John Abbott was born in St. Andrews, Lower Canada on March 12, 1821 to an Anglican missionary and his wife. Throughout his early life, Abbott would visit various rural Anglican missions in Lower Canada with his father. A lover of books, Abbott would educate himself through the well-stocked library of his father.

At the age of 17, Abbott began to work for A. Laurie and Company, a wholesale dry goods firm in Montreal. He started at the bottom, selling cloth and packing apples but had to leave the company when he fell ill a few months later. After recovering, he joined another wholesale firm and it was there he began to learn bookkeeping and accounting.

When McGill College opened in 1843, Joseph Abbott would be appointed to the office that controlled the finances of the new post-secondary institute. He then recruited John to be one of the first students, and thanks to the connection of his father, John Abbott received an excellent education.
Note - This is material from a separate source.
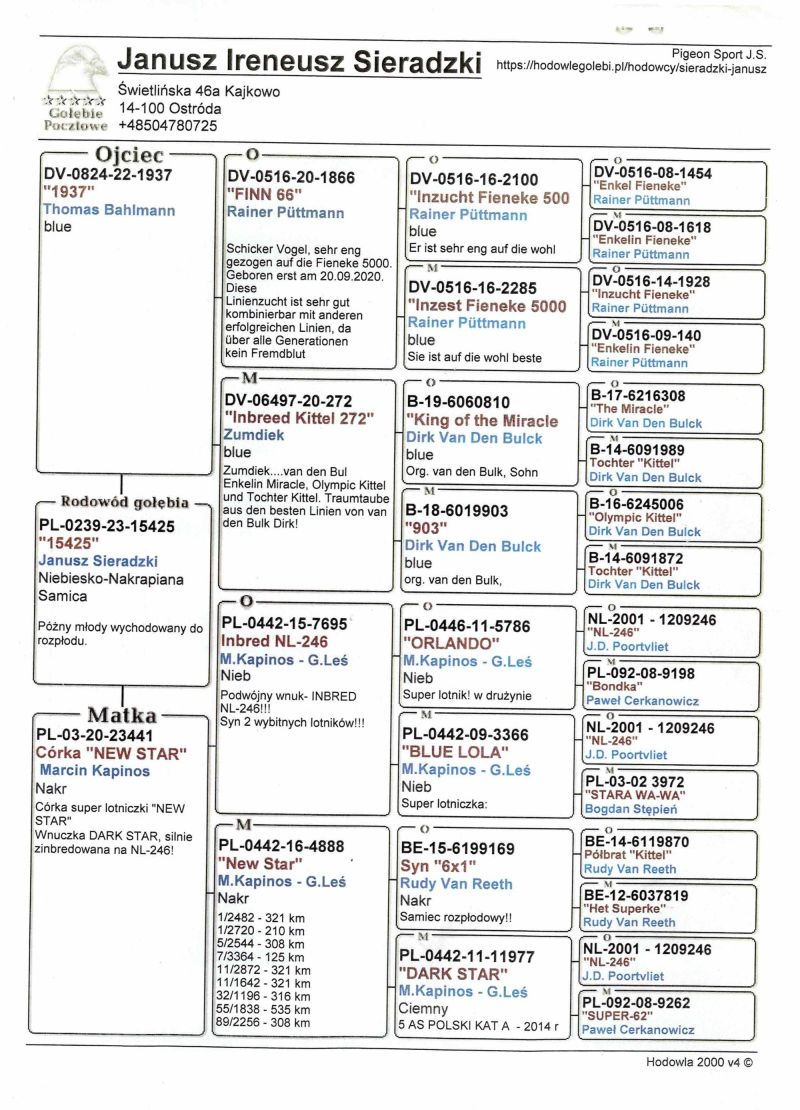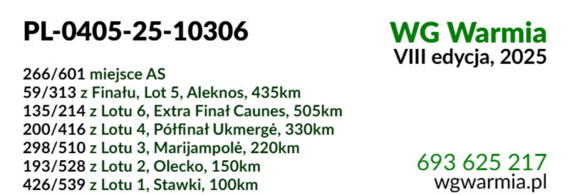 Opis: Uczestnik WG Warmia 2025, sezon VIII. Loty z kierunku północny wschód, Litwa. 59 z Finału, 266 AS, 135 z Extra Finału. Szczegóły pochodzenia w rodowodzie.

He would marry Mary Martha Bethune, who was a relative of Dr. Norman Bethune, an incredible person who has reached mythical status in China and a person who should have his own episode and will. Together, the couple would have four sons and four daughters, one of whom, William, would marry the daughter of John Hamilton Gray, a premier of Prince Edward Island. The interesting family connections don’t just stop there though. Abbott’s descendants would include John Kimble Hamilton Abbott, a member of the Demon Squadron in the Royal Canadian Air Force during the Second World War, and most notably, Abbott is the great-grandfather of Christopher Plummer, and the cousin of Dr. Maude Abbott, one of Canada’s earliest female medical graduates.

After graduating with a Bachelor of Civil Law from McGill University in 1847 and two years later he got involved in politics by signing the Montreal Annexation Manifesto. This manifesto called for Canada to join the United States and was prompted because of an economic recession and the removal of tariffs preferential to colonial products by England.  The manifesto was mostly being used as a way of extracting concessions from Britain, rather than as any serious threat of merging with the United States.
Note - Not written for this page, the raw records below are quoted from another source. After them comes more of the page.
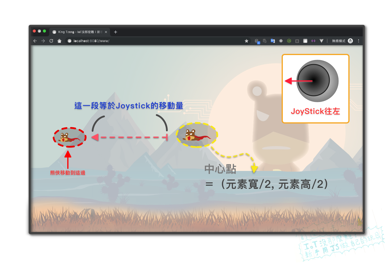- 熊俠的移動量變數 = Joystick 回傳的數值 * 視窗中心點位置;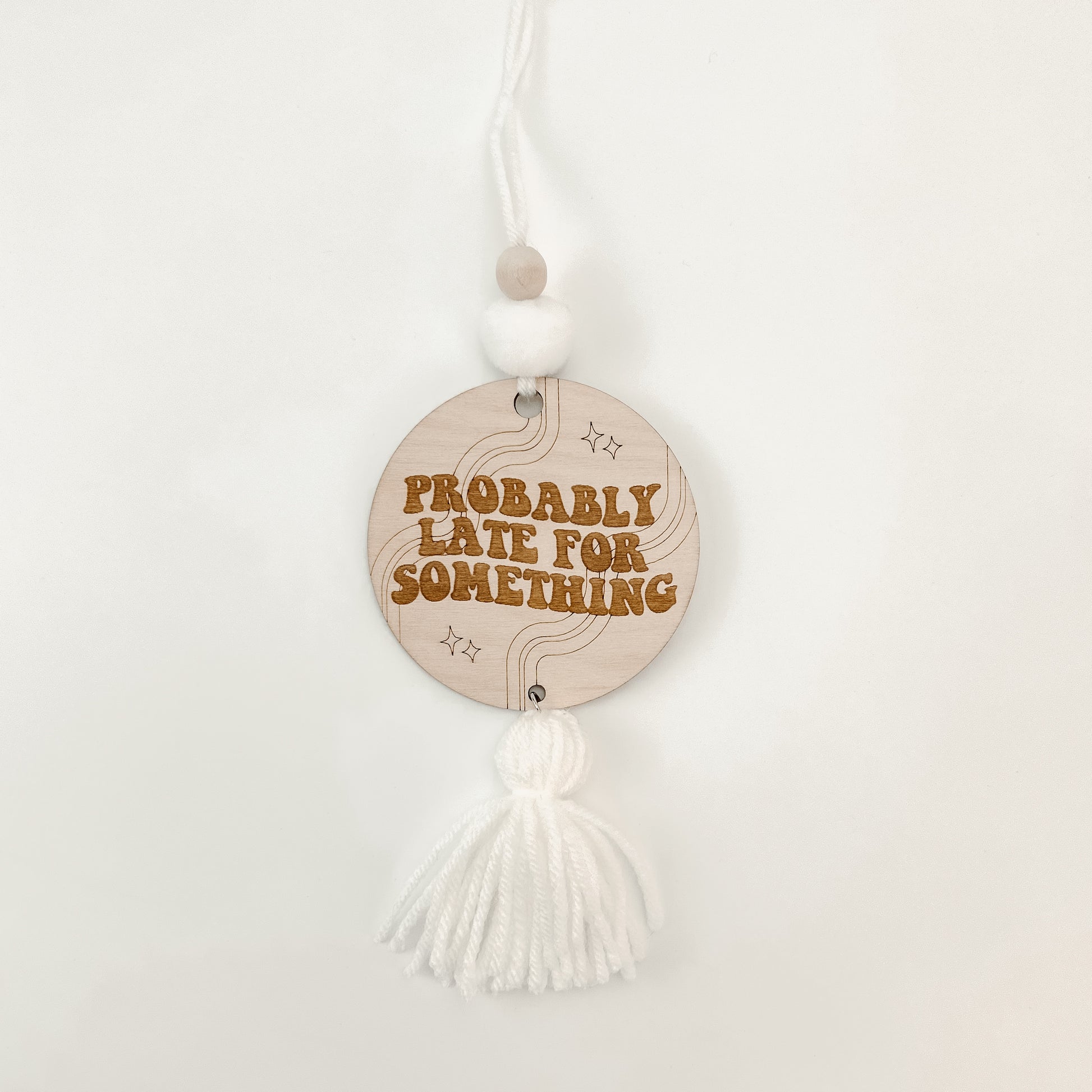 Add a personalized touch to your vehicle with our laser cut and engraved mirror adronment. Featuring a yarn tassel, wool ball, and wood bead. Simply hang it from your rear view mirror and enjoy. Add your favorite essential oils to the wool ball for a natural diffuser effect.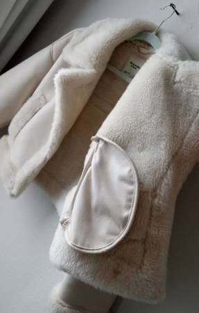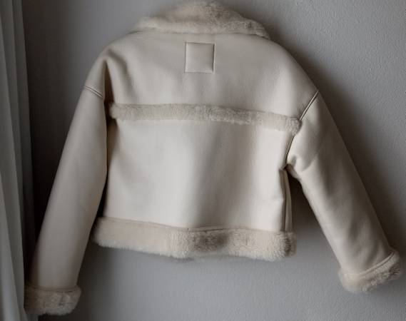 This snuggly warm coat is gorgeous Cream color Vegan Leather exterior. It has Faux Fur Lining. The pockets and sleeves has faux fur accents as well as the back and bottom edge. The collar is wide and snuggly, Bomber Jacket style. It has two snaps front enclosures. Size XS that actually fits more like a small.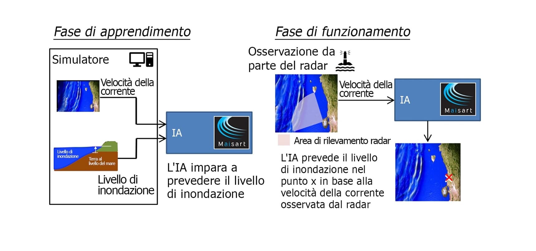 La previsione accurata dei livelli di inondazione richiede informazioni sulle correnti oceaniche superficiali su un’area ampia. Dopo aver confermato che tali informazioni potevano essere raccolte entro un raggio massimo di 50 km utilizzando speciali dispositivi radar, Mitsubishi Electric ha sviluppato la tecnologia necessaria.4 La nuova tecnologia radar è stata quindi combinata con la tecnologia di IA Maisart di Mitsubishi Electric per consentire previsioni estremamente accurate5 del livello di inondazione dell’acqua in pochi secondi.

He would state years later that he regretted the manifesto and attributed it to his youth. Years later he would say, quote:

“No more serious idea of seeking annexation with the United States than a petulant child who strikes his nurse has of deliberately murdering her.”

Nonetheless, his opponents would never let him forget that he had signed the agreement, well into his later life in the House of Commons.

Possibly in an effort to atone for signing the manifesto, Abbott would raise 300 militia recruits himself in response to the Trent Affair of 1861, and maintained the entire regiment at his own expense. The Trent Affair was an incident during the American Civil War when two Confederate diplomats were captured by the U.S. Navy from a British Royal Mail Steamer. The British government protested this heavily, and the United States eventually released the diplomats.

Abbott specialized in corporate law and his biggest case would be the defense of several Confederate agents who had raided St. Albans, Vermont from Canadian soil during the American Civil War. He argued that the Confederate agents were actually belligerents not criminals and therefore could not be extradited to the United States.

Based on his success and personal income, many saw Abbott as the most successful lawyer in Canada and by 1853 he was lecturing in commercial and criminal law at McGill University. In 1855, he was the dean of the Faculty of Law and one of his students would be Wilfrid Laurier, a future prime minister of Canada. He would serve as dean until 1880. He would use his influence with McGill University to support the first admission of female students. One of those students was the already mentioned Maude Abbott, who was his cousin and protégé. Maude had been orphaned as a young age and grew up in poverty. She believed she would live as a domestic servant but her cousin John did not allow this to happen, helping her pay for school, allowing her to become one of the first women in Quebec to graduate in Medicine. She would go on to become a specialist in children’s heart disease and was the curator of the medical museum at McGill. Sadly, despite helping her gain entry into McGill, he would not live to see her graduate as she earned her medical degree a few months after his death, but we are getting ahead of ourselves.

He was also highly involved in business, holding shares and positions with several companies including the Bank of Montreal, the Dominion Mineral Company and the Intercolonial Coal Mining Company. Later in his life, his shares would include $20,000 in Molson Bank, $50,000 in the Merchants’ Bank of Canada, $8,000 in the Bank of Montreal and more in several other companies.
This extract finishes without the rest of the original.